Three great men have passed away this month, all leave huge influence behind them on humanity and our continued journey in our use of tools. They contributed to the core foundational principles of computing, and to the design of products that led to the widespread adoption of the resulting technologies by the general public. I think software is a very strange thing, that we don't consider too often, layers of abstraction and tools that allow the creation of digital artefacts that change our lives. Of course hardware is needed too, but software itself must surely be studied more in social sciences as one of humanity's most productive inventions, not yet equal to natural language in impact on our history, but harnessing our natural linguistic abilities and turning them towards an engineering purpose - pure magic. Perhaps more accurately software should be seen as the latest incarnation of mathematics, our first artificial language, made alive through the ability to actually execute on hardware. In any case, we stand on the shoulders of giants.
The BBC reported this week on the death of John McCarthy, arguably the founder of Artificial Intelligence (AI), and the creator of LISP, still one of my favourite programming languages. He died 24th October 2011, at the age of 84. See also the Guardian Obituary. AI was my first love in computing, and I have huge respect for the power and simplicity of LISP for exploring this vast field.
Earlier this month, the BBC also announced the death of Dennis Ritchie, creator of the C programming language and co-creator of UNIX at Bell Labs, who died on 12th October 2011. See the Guardian Obituary. I fell in love with UNIX (and the Internet) in the mid-80s in university in Keele, and it has been the stable OS underpinning nearly everything I have done with computing since then, not least the Mac OS X MacBook I am using now to type this blog post.

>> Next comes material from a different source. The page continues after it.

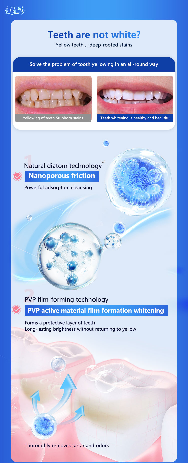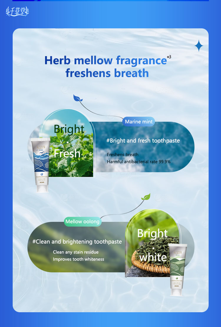 Qiancaotang Tooth Whitening Herbal Toothpaste has a patented formula, with whitening, anti-allergic, sterilization, fresh breath multiple effects, the combination of natural diatom nano materials and PVP active materials, to create a double whitening effect of teeth and whitening protective film, and add anti-allergic, sterilization and herbal ingredients to create a fresh oral environment, this toothpaste is the main mild formula, no irritation, no residue, a tube of toothpaste, multiple effects, environmental protection and peace of mind!

Again it is a powerful and generative tool, based on simple principles.
Perhaps most well covered in the popular press, Steve Jobs of Apple who died at the early age of 56, on the 5th October 2011. Through arguably the most impressive range of product launches in the history of computing, he has driven the adoption of the key technologies in computing by the general public, opening up the excitement and wonder of the potential for these technologies to all of us, not just the academics. See the Guardian Obituary. I love my iPod, iPhone and iPad as well as my OS X machines, and I love the fact that computing was democratised by the personal computer.
We will not see their likes again, to paraphrase what we say in Irish.